Il Framework è il risultato di un percorso di ricerca sviluppato dallo European Art Assets Observatory (EAAO) di ITIR in partnership con Deloitte Private, Arte Generali e Banca Generali.
L’arte: un patrimonio diffuso ma ancora poco “misurato”
La ricerca ha analizzato le best practice di 300 grandi aziende europee, selezionate tra le prime 50 per fatturato 2024 in Italia, Francia, Germania, Spagna, Paesi Bassi e Belgio; i risultati restituiscono un quadro chiaro: i beni artistici e culturali sono presenti nelle organizzazioni, ma la loro gestione sistematica è ancora un’eccezione.
Solo il 36% delle aziende del campione dichiara di possedere, gestire o interagire attivamente con Corporate Cultural & Art Assets e, ancora più significativo, è il dato sulla rendicontazione: appena il 34% li menziona nei bilanci di sostenibilità e circa il 3% ne dichiara un valore monetario nei rendiconti finanziari.
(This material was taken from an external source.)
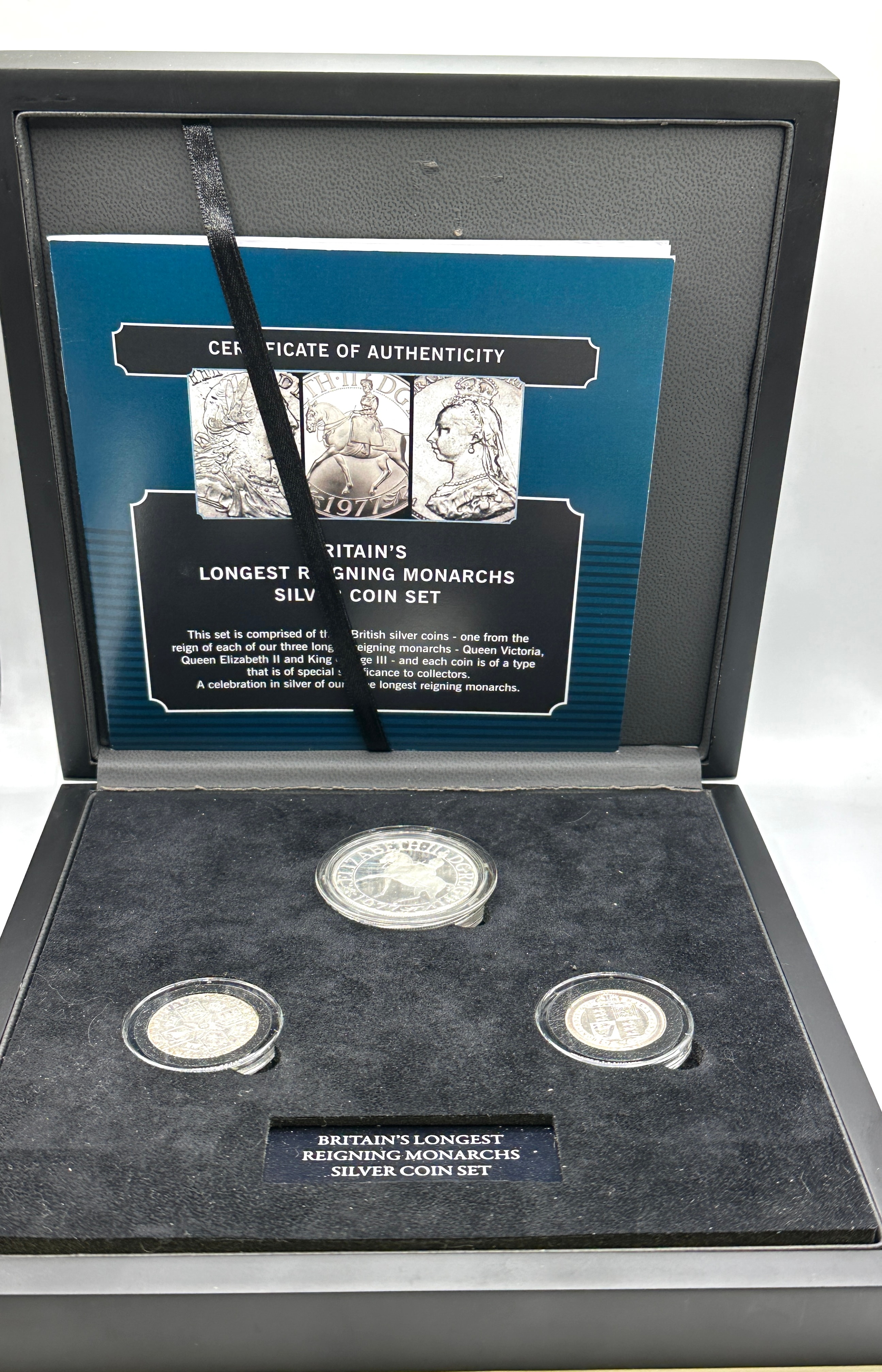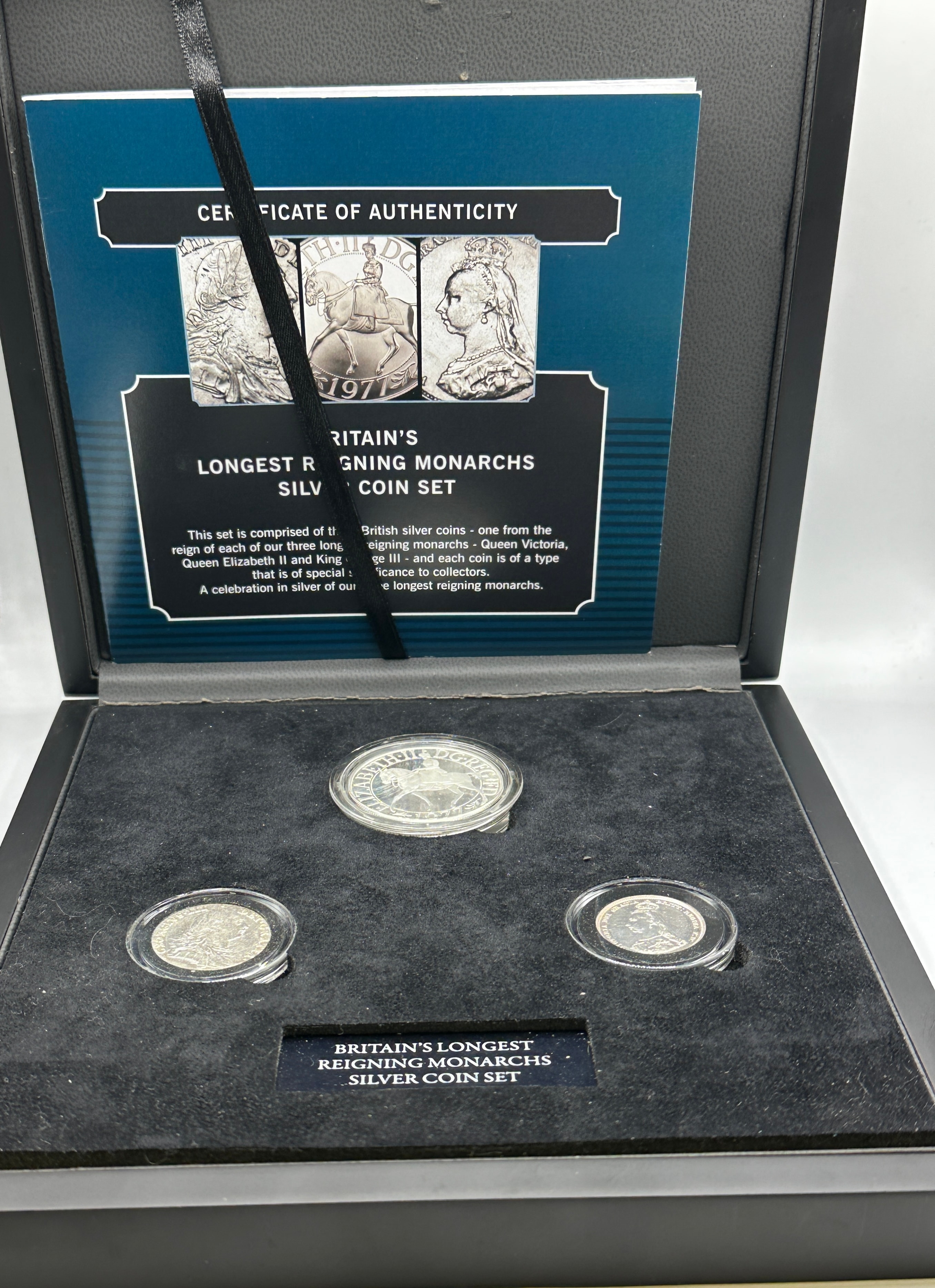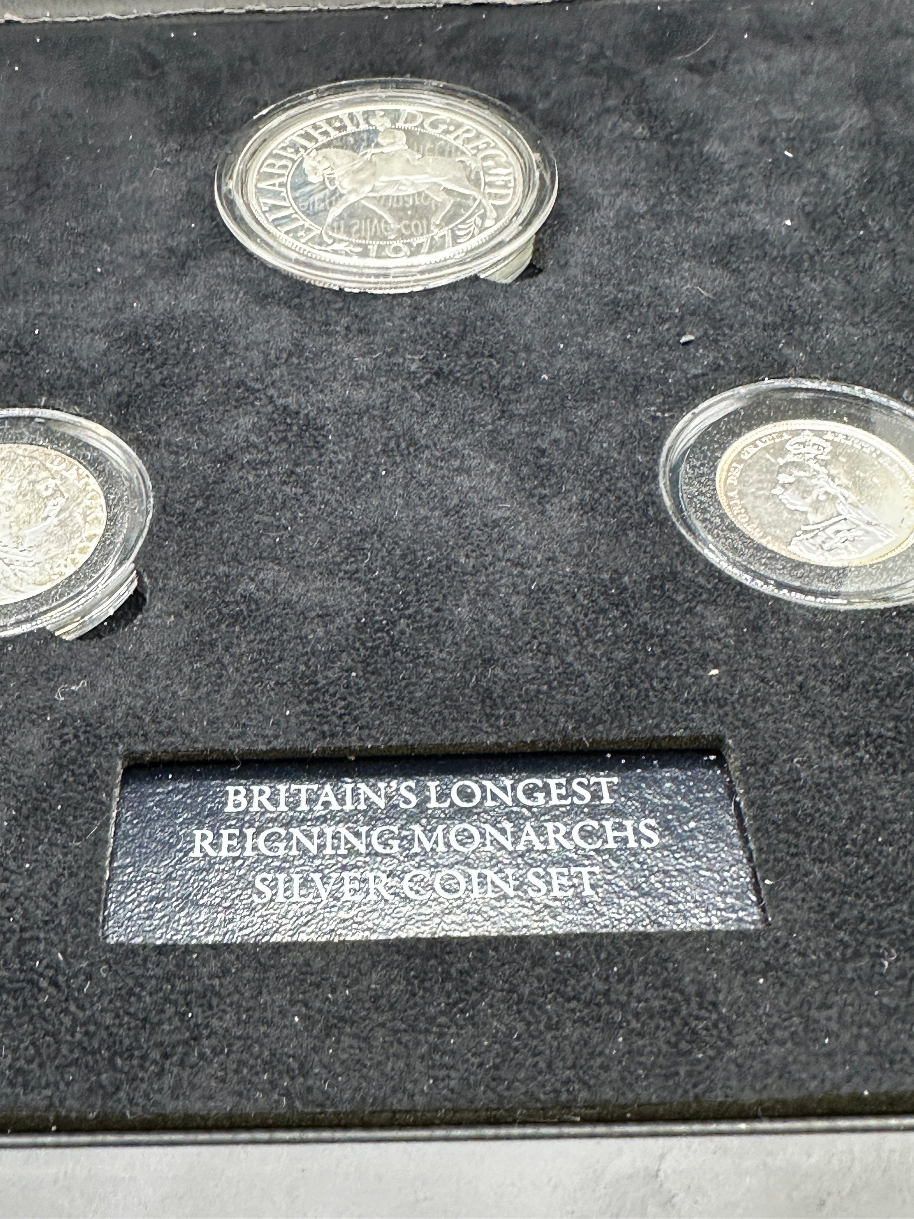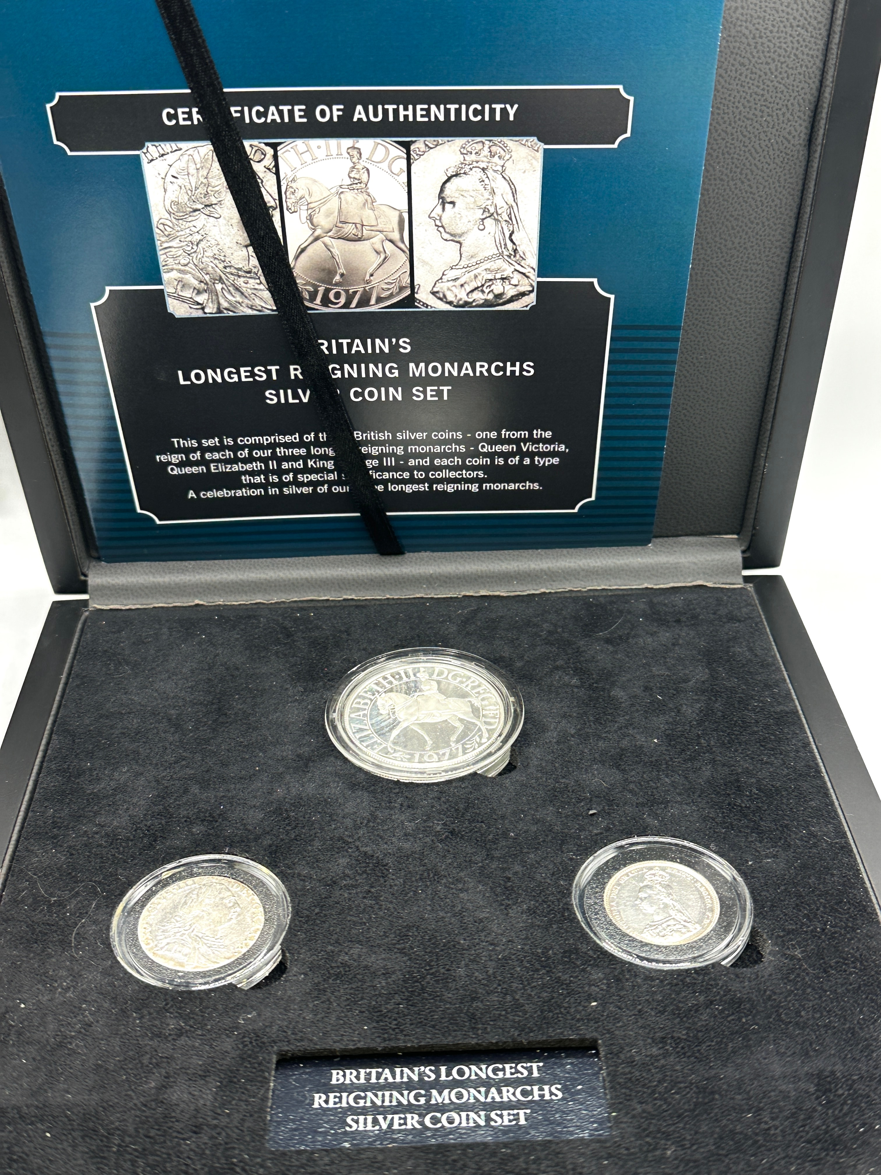 A ‘Britain’s Longest Reigning Monarchs Sterling Silver Coin Set’, presented in a matte black hinged display case with a black velvet-lined interior. The set contains three silver coins, each individually encapsulated in clear plastic. One coin depicts Queen Elizabeth II on horseback, with the inscription “ELIZABETH II D.G. REG F.D.”. Another coin shows a profile of Queen Victoria with “VICTORIA DEI GRATIA BRITT: REGINA F:D:”. The third coin’s monarch profile is less distinct. The inside of the case lid features a “CERTIFICATE OF AUTHENTICITY” and text further describing the set as a collection of “British silver coins” commemorating long-reigning monarchs including Queen Elizabeth II and Queen Victoria. An embedded plaque within the velvet interior reiterates the set’s title.

L’Italia: apripista in Europa
In questo contesto, l’Italia si distingue positivamente: con il 56% delle aziende che possiede, gestisce o interagisce attivamente con CCAAs, il nostro Paese registra la percentuale più elevata tra quelli esaminati, riflettendo una lunga tradizione di mecenatismo culturale e un legame profondo tra identità d’impresa e patrimonio artistico.
Le forme più diffuse di CCAA sono le collezioni d’arte aziendali (29,9%), le sponsorizzazioni culturali e altre forme di mecenatismo (28,9%) e le Fondazioni aziendali (23,3%); il settore Finanza e Assicurazioni mostra la più alta propensione a investire in questi asset (32,4%), sfruttandoli come leva per rafforzare identità, engagement degli stakeholder ed esperienza cliente.
Un nuovo linguaggio per l’arte in azienda
Il Framework sviluppato dall’Osservatorio introduce un sistema innovativo di indicatori allineato alle principali dimensioni ESG e coerente con gli standard internazionali di riferimento (GRI, ESRS, SDGs e linee guida UNESCO); la sua architettura integra KAI (Key Activity Indicators) e KPI (Key Performance Indicators), consentendo alle imprese di valutare non solo gli impatti generati, ma anche i processi e le politiche che li rendono possibili.
L’obiettivo è offrire un quadro strutturato, flessibile e comparabile: uno strumento che trasformi asset tradizionalmente percepiti come intangibili in leve strategiche governabili, misurabili e rendicontabili.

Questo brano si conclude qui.